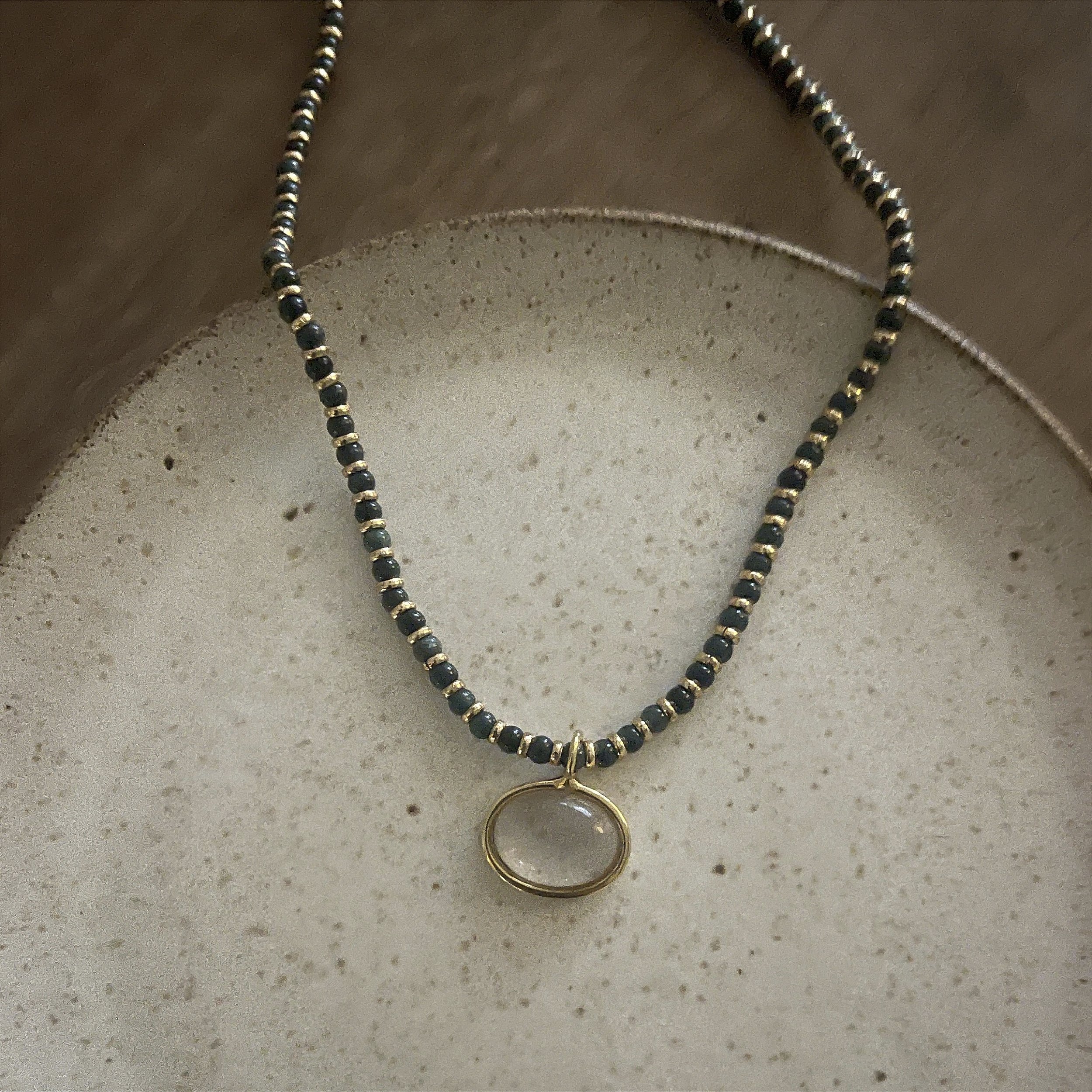 Colar de pedras naturais verde degradê com pingente de pedra transparente oval , curto , bijuteria.
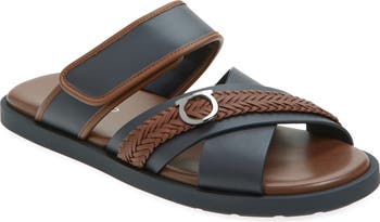 A logo-engraved Gancio buckle puts a house-signature finish on this Italian-crafted sandal detailed with an artfully braided leather strap.
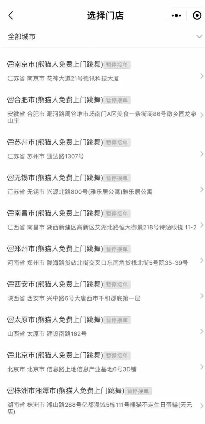 根据熊猫不走蛋糕微店,3月17日,熊猫不走蛋糕全国的网点均已经“暂停接单”,另外,根据大众点评网,其全国的网点均显示“暂停营业”。
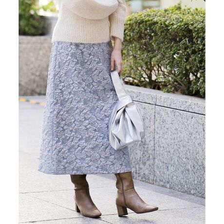 表面感のあるジャガードで仕立てたストレートスカート。大きな花柄が浮かび上がるようなディテールが、ダークトーンになりがちが季節の着こなしに映える仕上がり。ウエスト後ろはファスナー&ゴム仕様でラクなはき心地です。縦ラインをスタイリッシュに見せるストレートラインを演出し、後ろはセンターベンツを入れているので歩きやすくなっています。スウェットを合わせてカジュアルダウンも、シンプルなトップスを合わせてフェミニンな印象にも着用いただけます。
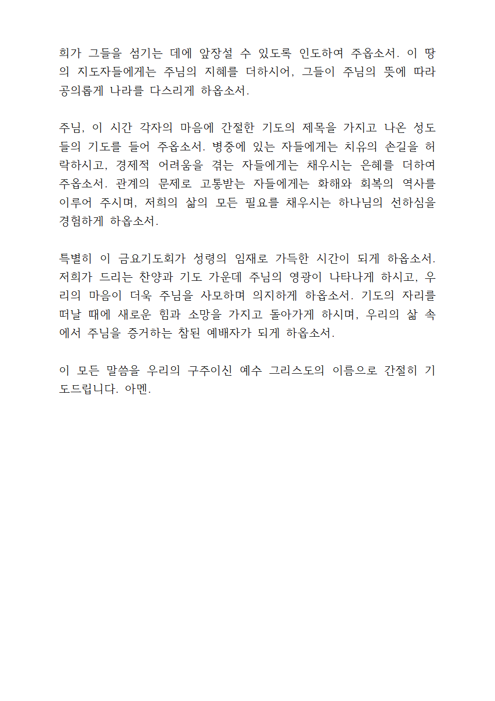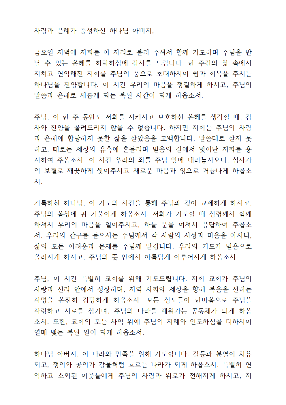 금요기도회 기도문

- **AIM OF THE EXERCISE**: Word for word, reproduce the listing above; no image should be carried over.

- **ANSWER SPACE**:
 Colar de pedras naturais verde degradê com pingente de pedra transparente oval , curto , bijuteria.
 A logo-engraved Gancio buckle puts a house-signature finish on this Italian-crafted sandal detailed with an artfully braided leather strap.
 根据熊猫不走蛋糕微店,3月17日,熊猫不走蛋糕全国的网点均已经“暂停接单”,另外,根据大众点评网,其全国的网点均显示“暂停营业”。
 表面感のあるジャガードで仕立てたストレートスカート。大きな花柄が浮かび上がるようなディテールが、ダークトーンになりがちが季節の着こなしに映える仕上がり。ウエスト後ろはファスナー&ゴム仕様でラクなはき心地です。縦ラインをスタイリッシュに見せるストレートラインを演出し、後ろはセンターベンツを入れているので歩きやすくなっています。スウェットを合わせてカジュアルダウンも、シンプルなトップスを合わせてフェミニンな印象にも着用いただけます。
 금요기도회 기도문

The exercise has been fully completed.